Directions for this task:
Give again, word for word, each line below starting at the one that contains "Лагерь Танит является" and ending at the one that contains "- 从OKX 交易所存入刚刚买的SOL 币到Web3 钱包".

Record excerpts:
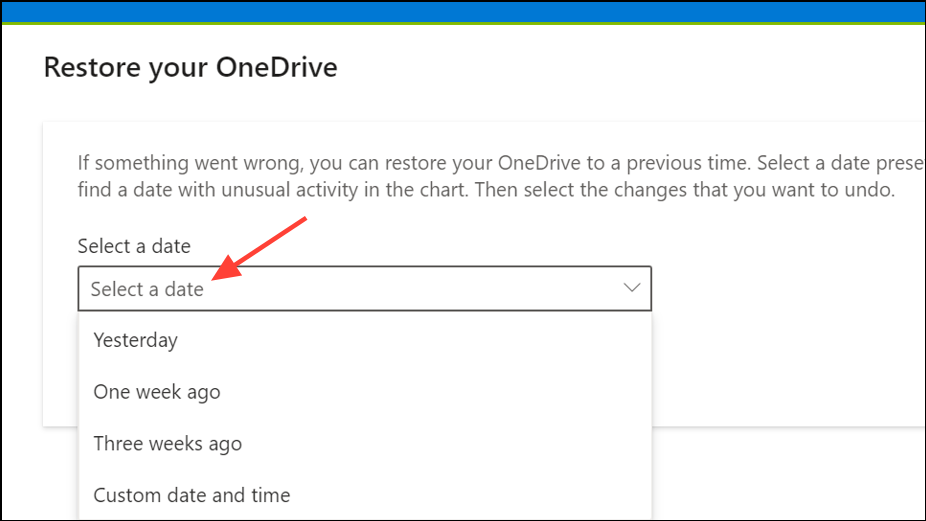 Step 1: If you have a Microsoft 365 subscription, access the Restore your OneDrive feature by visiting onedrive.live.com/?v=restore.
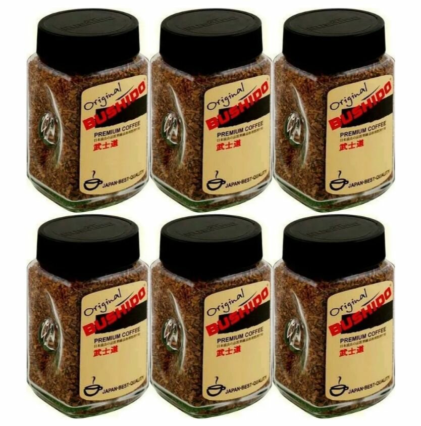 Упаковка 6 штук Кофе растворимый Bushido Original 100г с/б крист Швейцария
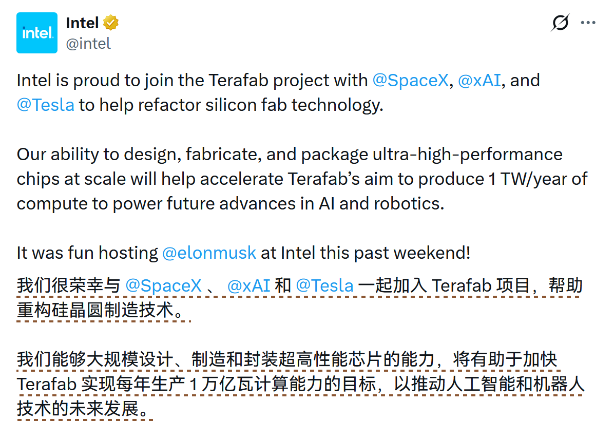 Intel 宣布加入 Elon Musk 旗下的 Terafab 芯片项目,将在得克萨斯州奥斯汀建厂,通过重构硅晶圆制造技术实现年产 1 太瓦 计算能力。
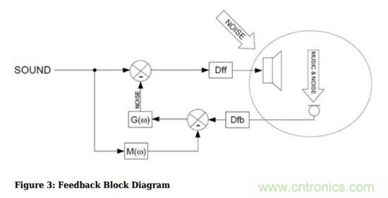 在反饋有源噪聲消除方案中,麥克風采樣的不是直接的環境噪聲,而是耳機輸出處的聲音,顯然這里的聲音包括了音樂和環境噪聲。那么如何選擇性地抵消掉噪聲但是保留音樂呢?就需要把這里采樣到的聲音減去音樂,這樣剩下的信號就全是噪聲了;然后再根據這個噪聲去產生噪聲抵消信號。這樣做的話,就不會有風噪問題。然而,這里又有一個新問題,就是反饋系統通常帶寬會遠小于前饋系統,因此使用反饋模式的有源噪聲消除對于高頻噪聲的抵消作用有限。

...

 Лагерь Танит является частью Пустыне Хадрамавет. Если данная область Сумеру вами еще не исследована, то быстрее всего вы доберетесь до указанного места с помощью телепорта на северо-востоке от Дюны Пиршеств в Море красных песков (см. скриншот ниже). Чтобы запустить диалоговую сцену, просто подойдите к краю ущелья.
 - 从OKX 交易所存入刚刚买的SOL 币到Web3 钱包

Solution to this task:
 Лагерь Танит является частью Пустыне Хадрамавет. Если данная область Сумеру вами еще не исследована, то быстрее всего вы доберетесь до указанного места с помощью телепорта на северо-востоке от Дюны Пиршеств в Море красных песков (см. скриншот ниже). Чтобы запустить диалоговую сцену, просто подойдите к краю ущелья.
 - 从OKX 交易所存入刚刚买的SOL 币到Web3 钱包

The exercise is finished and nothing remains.